Input records
►

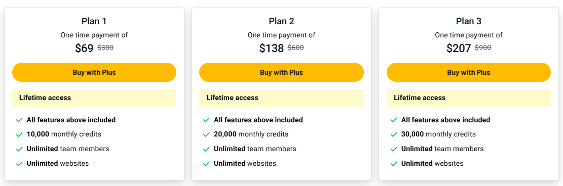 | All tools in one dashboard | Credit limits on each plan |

◄
►

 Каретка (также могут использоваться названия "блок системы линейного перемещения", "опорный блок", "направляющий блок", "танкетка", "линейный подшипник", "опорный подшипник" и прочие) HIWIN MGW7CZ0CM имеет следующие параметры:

◄
►

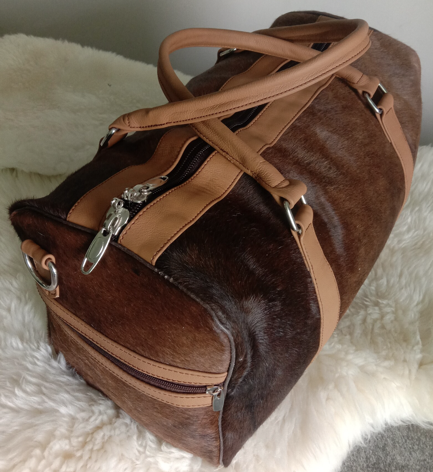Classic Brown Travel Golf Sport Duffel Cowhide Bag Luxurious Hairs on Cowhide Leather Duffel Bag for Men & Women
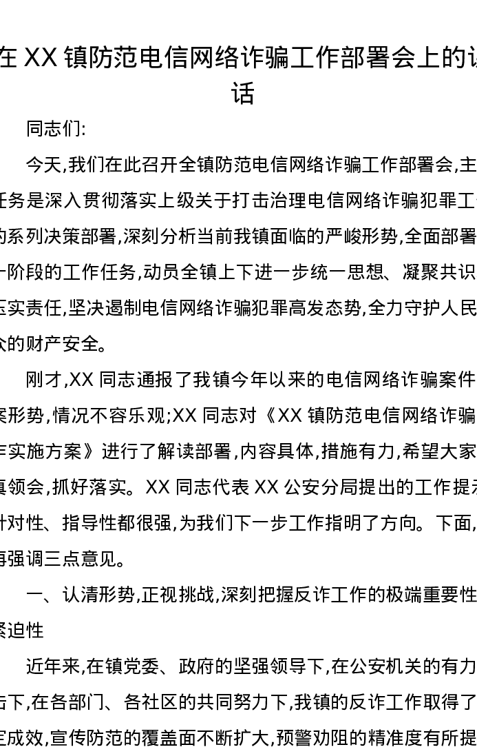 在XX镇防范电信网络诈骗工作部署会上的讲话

◄

Problem statement
Nothing but the lines from the one with "Classic Brown Travel" up to and including the one with "在XX镇防范电信网络诈骗工作部署会上的讲话" should be printed, exactly as they read above. Please keep the pictures out.

Written reply
Classic Brown Travel Golf Sport Duffel Cowhide Bag Luxurious Hairs on Cowhide Leather Duffel Bag for Men & Women
 在XX镇防范电信网络诈骗工作部署会上的讲话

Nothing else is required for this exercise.